WHAT TO WORK ON:
Reproduce, from the lines below, exactly the stretch that begins at the line containing "Fakfak – Babinsa" and ends at the line containing "Iklan Kini Jawatan", both included.

RECORDS FOR THIS EXERCISE:
---------------

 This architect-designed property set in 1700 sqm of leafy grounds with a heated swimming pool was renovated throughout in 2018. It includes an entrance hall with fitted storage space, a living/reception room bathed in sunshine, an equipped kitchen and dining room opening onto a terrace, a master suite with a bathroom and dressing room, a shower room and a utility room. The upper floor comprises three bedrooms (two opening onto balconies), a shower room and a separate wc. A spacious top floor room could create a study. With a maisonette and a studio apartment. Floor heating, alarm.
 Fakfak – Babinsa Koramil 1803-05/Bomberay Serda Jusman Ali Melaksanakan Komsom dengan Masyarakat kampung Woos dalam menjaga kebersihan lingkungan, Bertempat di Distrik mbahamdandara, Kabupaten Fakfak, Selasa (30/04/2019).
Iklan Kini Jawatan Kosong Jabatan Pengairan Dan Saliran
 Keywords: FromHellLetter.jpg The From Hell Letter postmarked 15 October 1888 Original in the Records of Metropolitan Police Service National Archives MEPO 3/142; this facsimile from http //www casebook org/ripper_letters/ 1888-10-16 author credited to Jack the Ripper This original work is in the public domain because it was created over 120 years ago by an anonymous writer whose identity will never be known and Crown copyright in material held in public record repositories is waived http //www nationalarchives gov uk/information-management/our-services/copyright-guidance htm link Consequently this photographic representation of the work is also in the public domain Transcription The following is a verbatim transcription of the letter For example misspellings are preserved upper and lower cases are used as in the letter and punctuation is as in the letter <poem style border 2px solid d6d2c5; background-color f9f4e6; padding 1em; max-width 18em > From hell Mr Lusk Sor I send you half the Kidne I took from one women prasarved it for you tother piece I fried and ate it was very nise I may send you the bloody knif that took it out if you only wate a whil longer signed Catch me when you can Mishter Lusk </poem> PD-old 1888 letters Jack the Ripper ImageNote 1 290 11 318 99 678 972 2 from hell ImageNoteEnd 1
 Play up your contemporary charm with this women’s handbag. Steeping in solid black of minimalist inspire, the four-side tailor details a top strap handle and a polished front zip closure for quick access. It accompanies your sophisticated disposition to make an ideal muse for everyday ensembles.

---------------

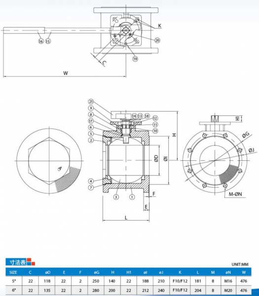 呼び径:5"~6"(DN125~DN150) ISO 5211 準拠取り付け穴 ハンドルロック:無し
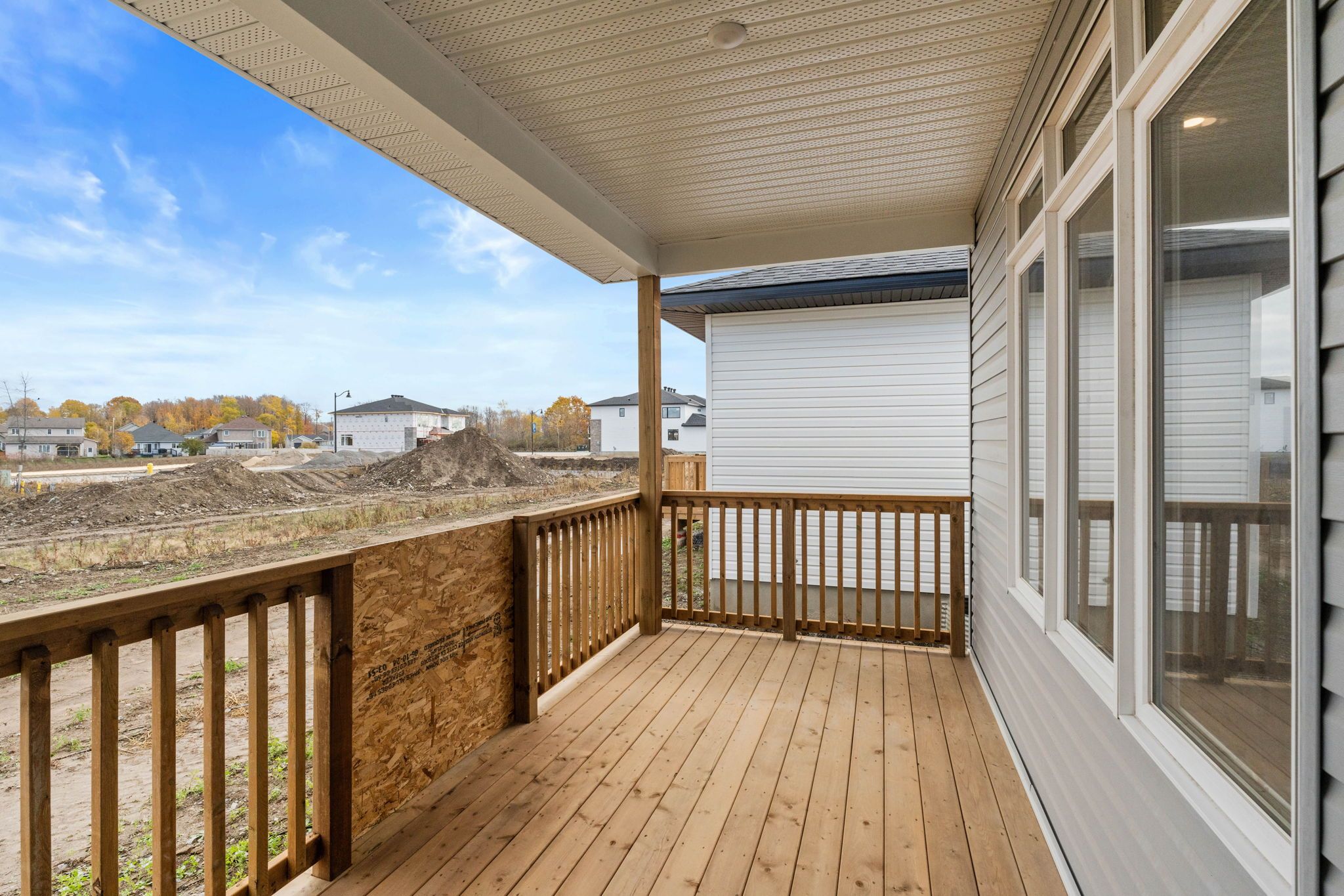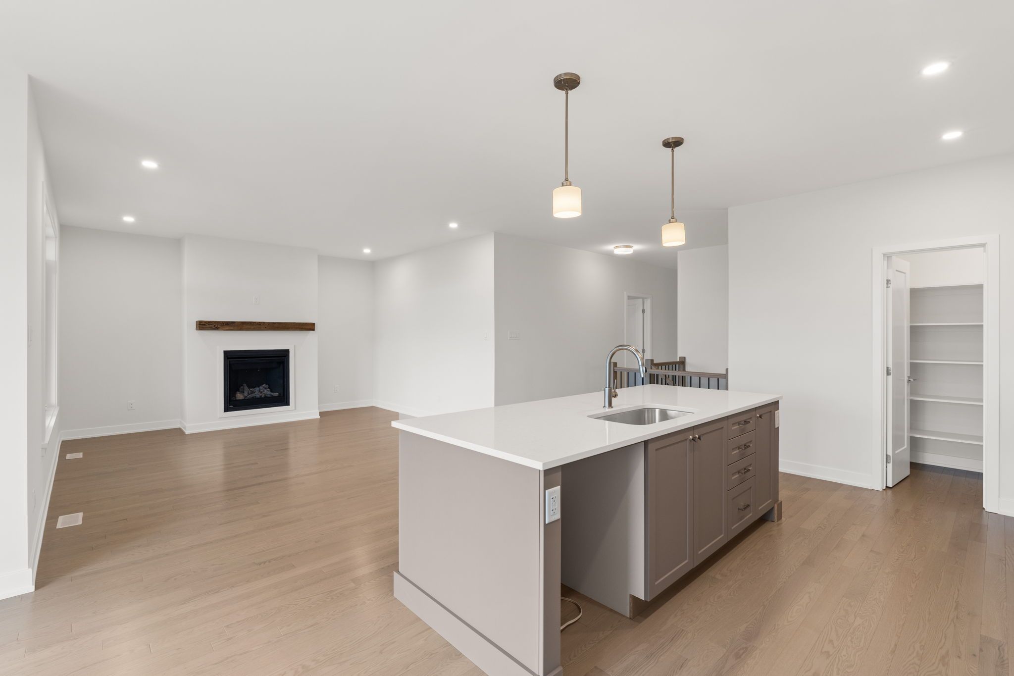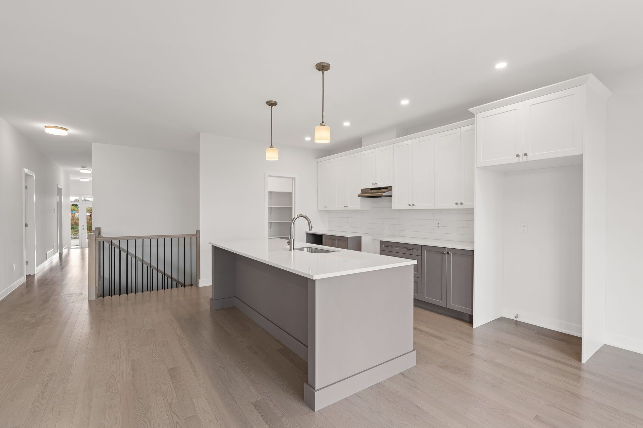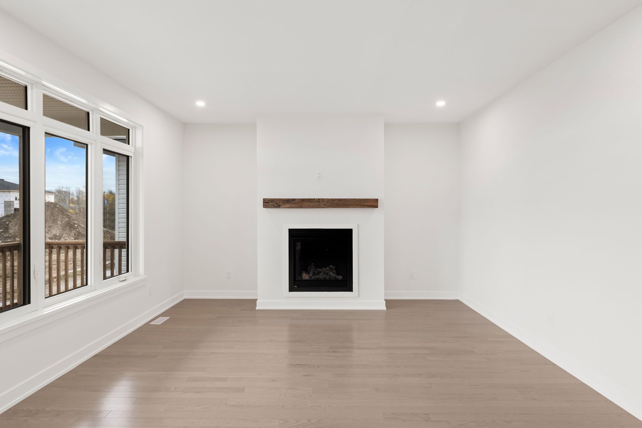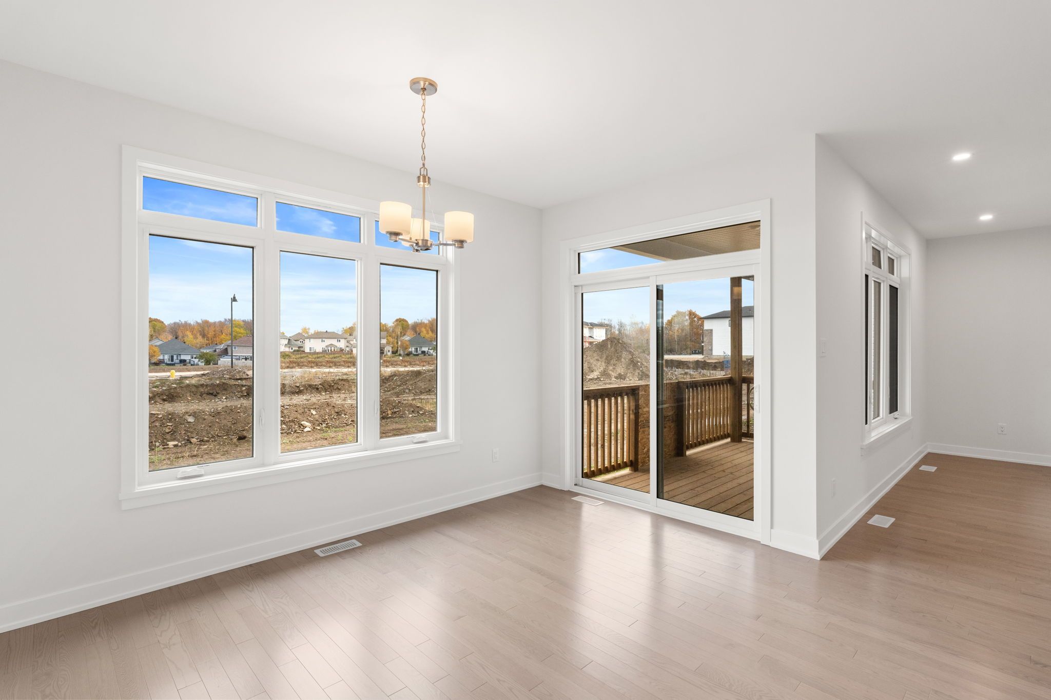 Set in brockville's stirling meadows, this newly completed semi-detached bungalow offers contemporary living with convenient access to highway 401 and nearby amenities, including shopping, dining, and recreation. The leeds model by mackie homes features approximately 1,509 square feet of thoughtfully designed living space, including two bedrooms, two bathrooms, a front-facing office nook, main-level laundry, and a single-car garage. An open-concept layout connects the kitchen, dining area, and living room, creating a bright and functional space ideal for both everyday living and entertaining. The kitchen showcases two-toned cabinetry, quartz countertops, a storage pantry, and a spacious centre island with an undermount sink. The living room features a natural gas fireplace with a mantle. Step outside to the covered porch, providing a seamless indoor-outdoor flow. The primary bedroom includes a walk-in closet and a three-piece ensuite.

---------------

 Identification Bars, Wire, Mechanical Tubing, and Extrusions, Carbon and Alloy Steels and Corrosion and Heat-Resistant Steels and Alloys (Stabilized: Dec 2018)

---------------

TASK RESPONSE:
 Fakfak – Babinsa Koramil 1803-05/Bomberay Serda Jusman Ali Melaksanakan Komsom dengan Masyarakat kampung Woos dalam menjaga kebersihan lingkungan, Bertempat di Distrik mbahamdandara, Kabupaten Fakfak, Selasa (30/04/2019).
Iklan Kini Jawatan Kosong Jabatan Pengairan Dan Saliran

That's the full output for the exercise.